关灯
护眼
字体:

觉得魔头贼可爱怎么办(17)

“噔——”

一块石子打在剑身上,那把剑竟然直接碎成了两半,落在地上!

两人都大惊,只见鬼煞缓缓从阴影处走出来,懒懒的打了个哈欠,那如恶鬼一样的面庞,此时在月光下更犹如鬼魅一样恐怖!

林夜城一见鬼煞,便真的如同见了鬼一样,吓得坐在地上,又赶快爬起来,仓皇的跑了。

鬼煞看都没看他一眼,走到花离颜面前,眼眸在黑夜中更加幽深,夹杂着不屑与怒气,他居高临下的看着花离颜,嗤笑了一声:“愚蠢!”

那声音极冷,寒气逼人。

花离颜扭头看向那人仓皇逃窜的方向,苦笑了一声,许久才低声问道:“……门主,为什么放他走?”

鬼煞看他的表情犹如看一个一无是处的废物:“自然是为了让你亲手把他杀掉。
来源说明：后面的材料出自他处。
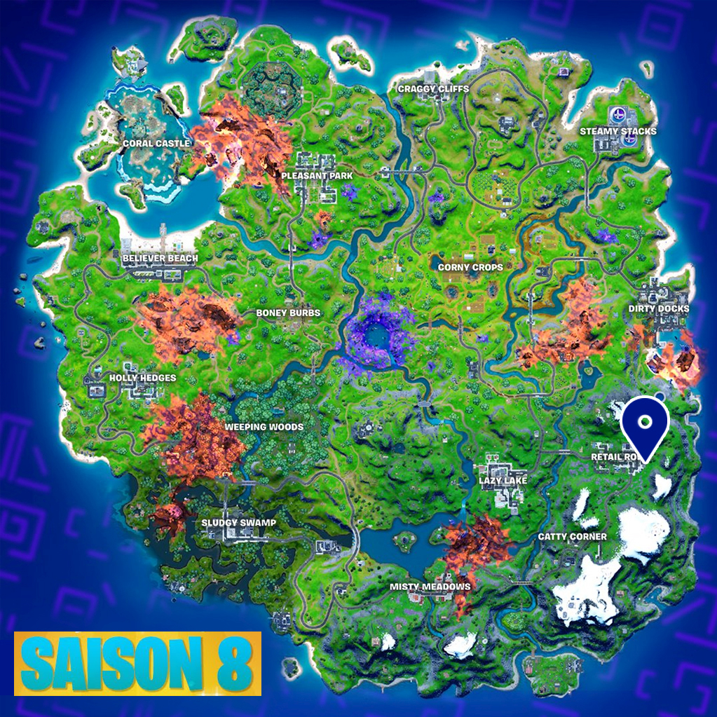 Vous pouvez trouver 3 bocaux de couleur : mauve fluo au même emplacement à chaque fois. Rejoignez Retail Row, à l’est de la carte.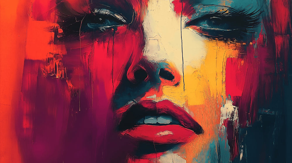 Carta da Parati Murale Astratta | Ritratto Espressivo in Colori Vivaci

”

花离颜张了张嘴,犹豫了一下,才声音沙哑道:“……门主,是溃尸粉。”

溃尸粉,中毒之后,先是身体发麻,然后开始溃烂,溃烂时全身如万虫噬咬,等全身烂成一滩黄水,人才会死。

然而他们这出门,没有带太多的解药。

虽然与鬼煞所制之毒差的还很远,但已经是林家堡能拿出来的最狠辣的毒了。

林夜城在剑上抹了这毒,真是……尽力了想让他死。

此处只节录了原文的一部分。